#### [Data block]
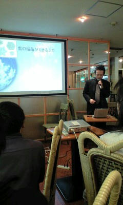 今日のテーマは雪の結晶。なぜ六角形なのかについて明治大学の長島和茂先生にレクチャーしていただいた。湿度と温度によって結晶の形が違うらしい。その研究は有名な中谷宇一郎先生によって既に研究されているのだが、その形成のメカニズムは単純なものではないらしい。熱力学と流体力学、なにやら複雑系のあたりの関係する話らしかった。印象的だったのは我々が雪の結晶として知っている綺麗な六本の枝が伸びさらにそこから二次枝が伸びた形の雪の結晶というのはめったに見れないということ。今はない雪印のマークのような綺麗に揃った雪は珍しいという話が何か真実とはそういうものだという感じでうれしかった。学校ではどうして物事をすごく単純にそしてそれ以外に疑いようもない真理のように教えるのだろうと常々感じているのでそれを聞いた時何か痛快な気持ちになった。
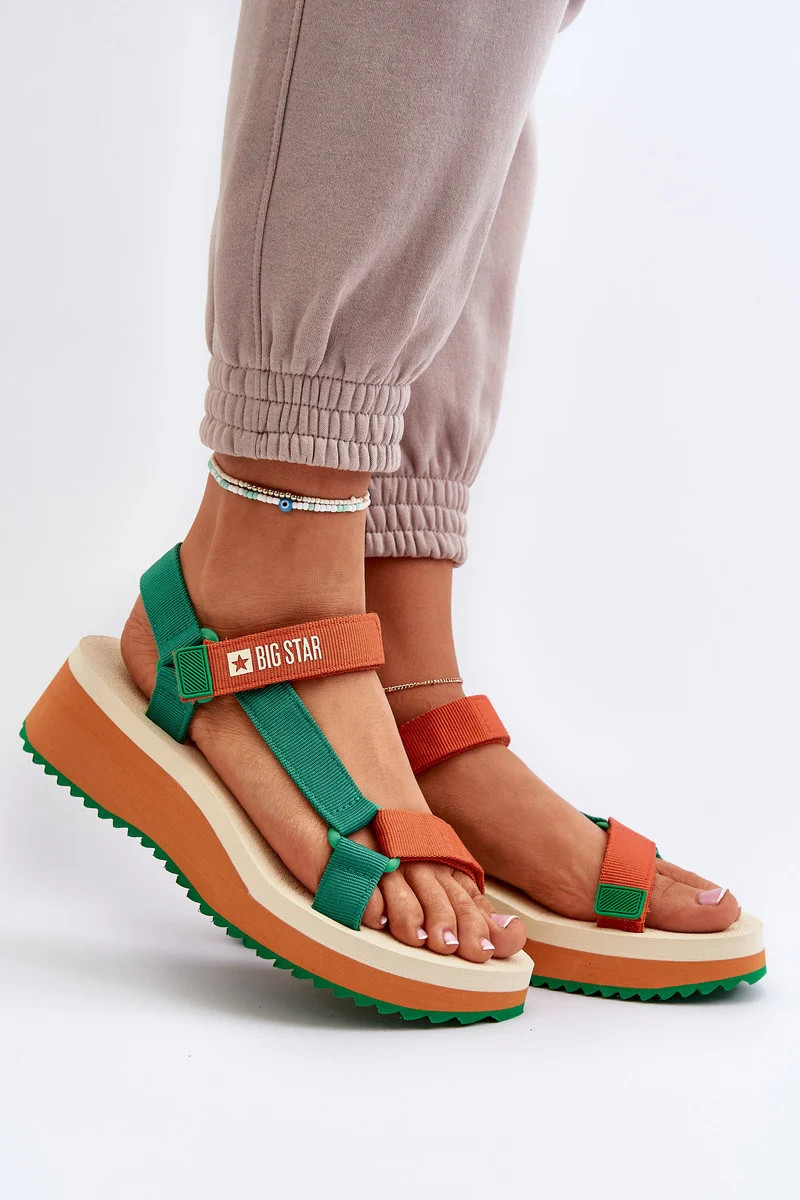 Dámské sandály na platformě a klínku Big Star zeleno-oranžové
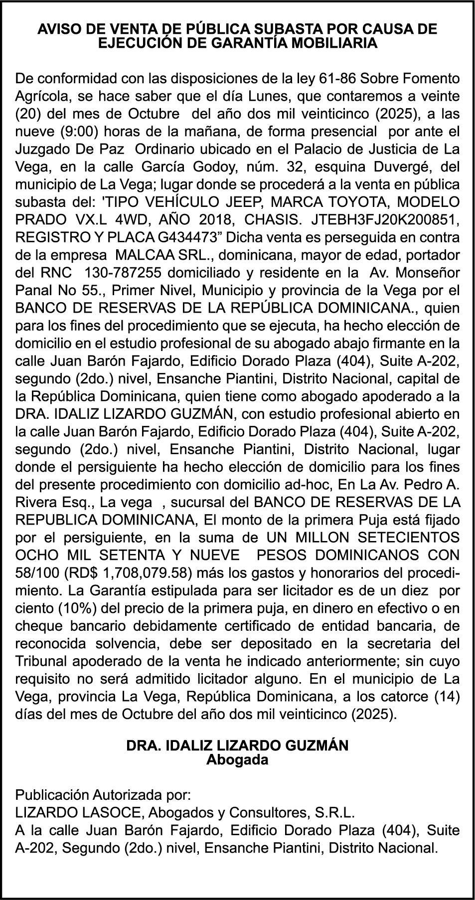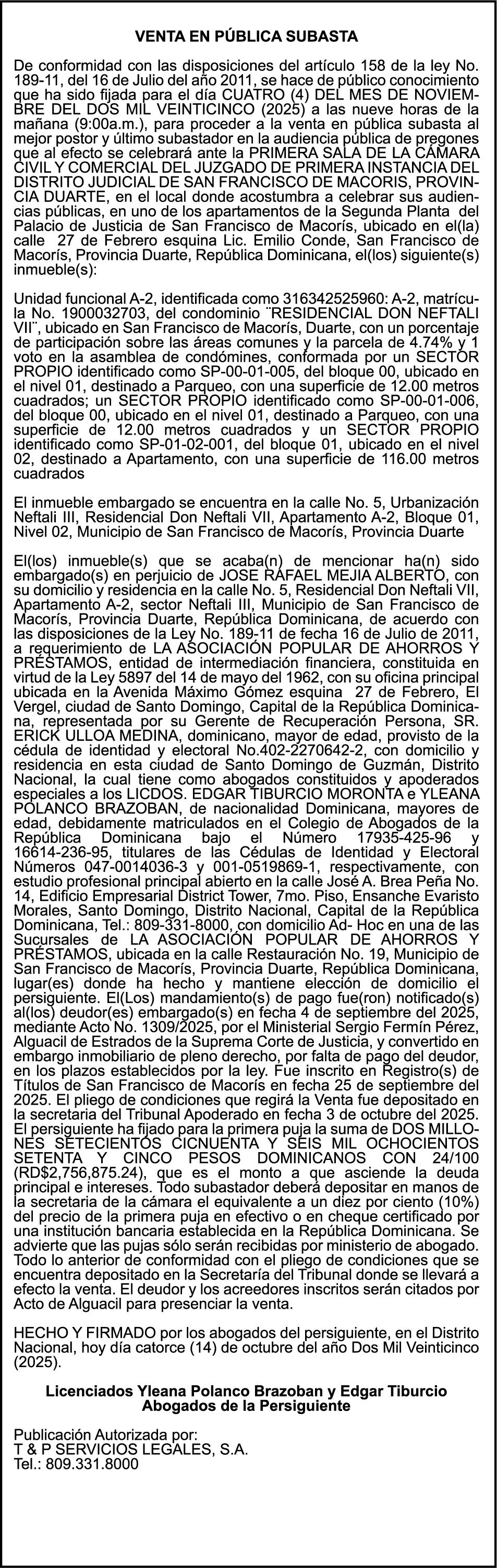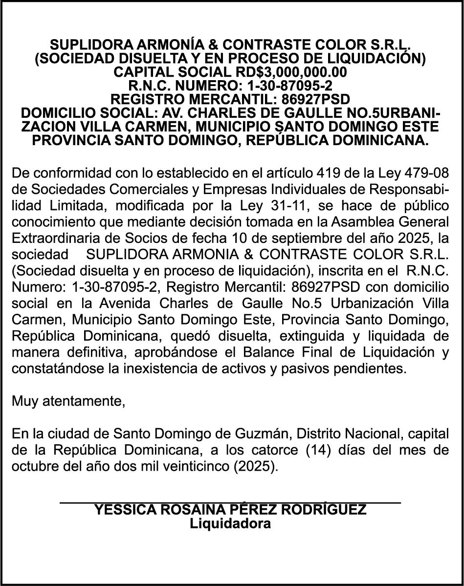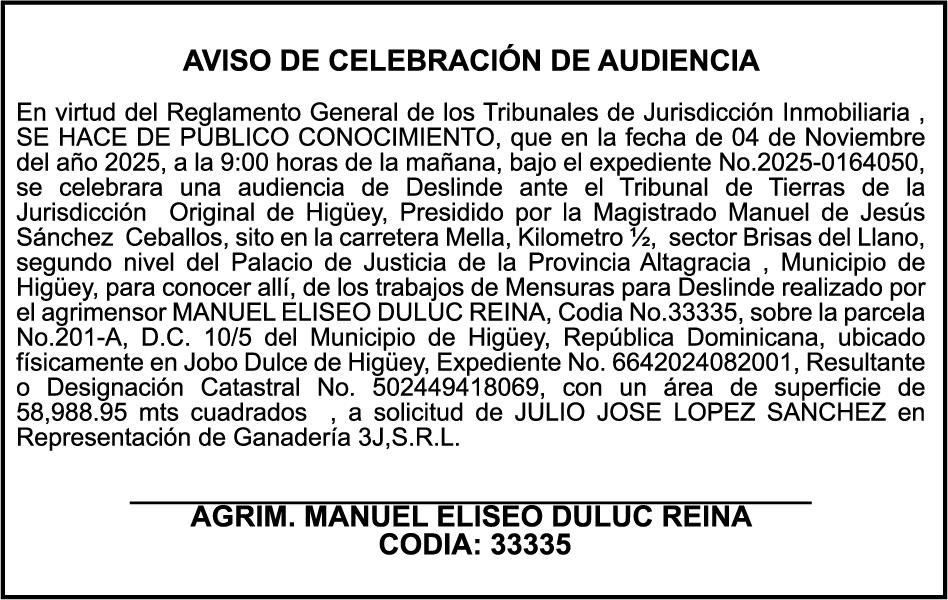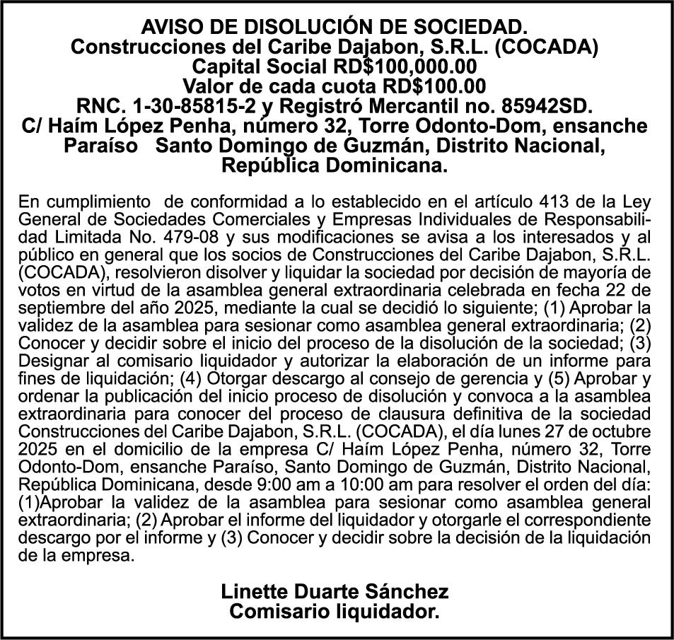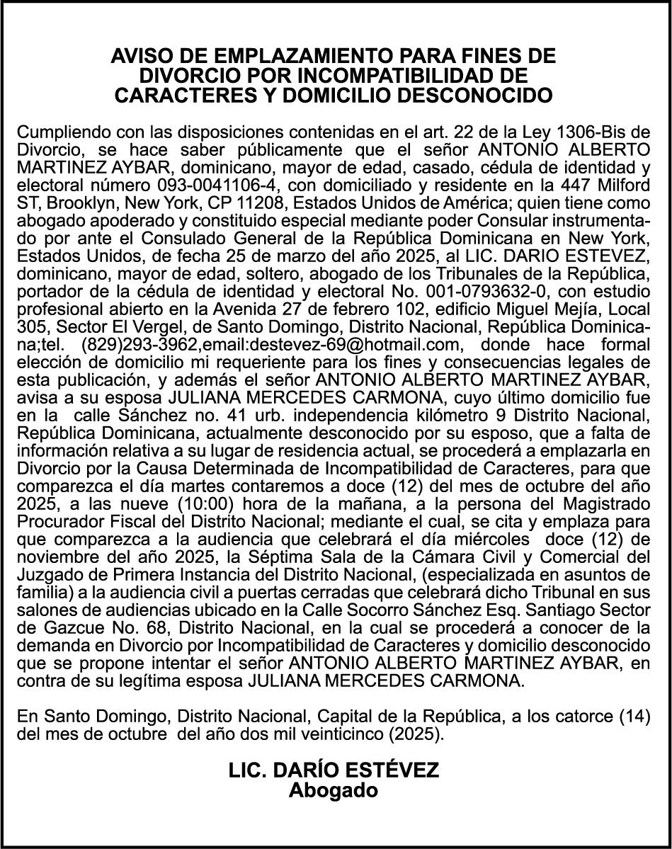 PERDIDA DE MATRICULA Veh. Carga MITSUBISHI, Modelo KO2TUNSLF, Color azul, Año 1989, Placa L165338, Chasis JA7FL24D6KP041332, a nombre de ALEJANDRO VASQUEZ SANTOS. SE hace de público conocimiento la pérdida del Certificado Financiero número 844150433 emitido por Banco Popular Dominicano, S. A. Banco Múltiple, a nombre de EXTALIN ABREU ANGELES, portador de la Cédula de Identidad y Electoral número 001-1316371-1, certificado número 844150433 expedido en 16 de septiembre de 2024 por el monto de (RD$6,192,907.53) más intereses generados a la fecha.
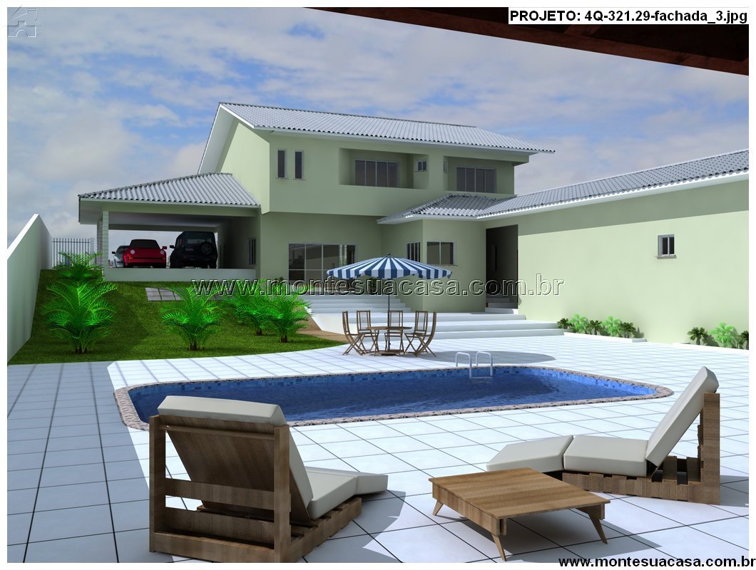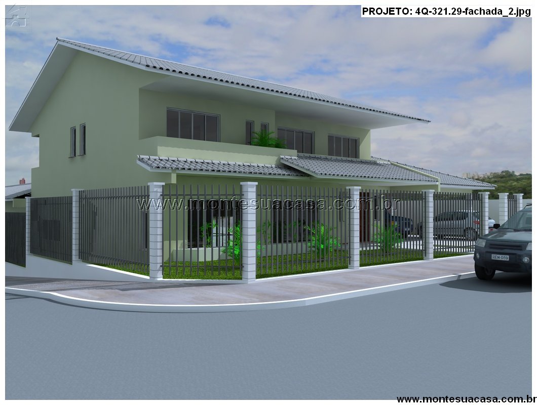 Este projeto de residência moderna com 321,29m² oferece uma proposta arquitetônica sofisticada e funcional, ideal para famílias que valorizam conforto, lazer e estética contemporânea. O sobrado apresenta fachada simétrica com telhado cerâmico inclinado, grandes janelas e acabamento em tom verde claro, criando uma atmosfera acolhedora e elegante.

#### [Problem statement]
Please repeat every line from the listing above exactly as it appears. Drop the pictures.

#### [Finished task]
 今日のテーマは雪の結晶。なぜ六角形なのかについて明治大学の長島和茂先生にレクチャーしていただいた。湿度と温度によって結晶の形が違うらしい。その研究は有名な中谷宇一郎先生によって既に研究されているのだが、その形成のメカニズムは単純なものではないらしい。熱力学と流体力学、なにやら複雑系のあたりの関係する話らしかった。印象的だったのは我々が雪の結晶として知っている綺麗な六本の枝が伸びさらにそこから二次枝が伸びた形の雪の結晶というのはめったに見れないということ。今はない雪印のマークのような綺麗に揃った雪は珍しいという話が何か真実とはそういうものだという感じでうれしかった。学校ではどうして物事をすごく単純にそしてそれ以外に疑いようもない真理のように教えるのだろうと常々感じているのでそれを聞いた時何か痛快な気持ちになった。
 Dámské sandály na platformě a klínku Big Star zeleno-oranžové
 PERDIDA DE MATRICULA Veh. Carga MITSUBISHI, Modelo KO2TUNSLF, Color azul, Año 1989, Placa L165338, Chasis JA7FL24D6KP041332, a nombre de ALEJANDRO VASQUEZ SANTOS. SE hace de público conocimiento la pérdida del Certificado Financiero número 844150433 emitido por Banco Popular Dominicano, S. A. Banco Múltiple, a nombre de EXTALIN ABREU ANGELES, portador de la Cédula de Identidad y Electoral número 001-1316371-1, certificado número 844150433 expedido en 16 de septiembre de 2024 por el monto de (RD$6,192,907.53) más intereses generados a la fecha.
 Este projeto de residência moderna com 321,29m² oferece uma proposta arquitetônica sofisticada e funcional, ideal para famílias que valorizam conforto, lazer e estética contemporânea. O sobrado apresenta fachada simétrica com telhado cerâmico inclinado, grandes janelas e acabamento em tom verde claro, criando uma atmosfera acolhedora e elegante.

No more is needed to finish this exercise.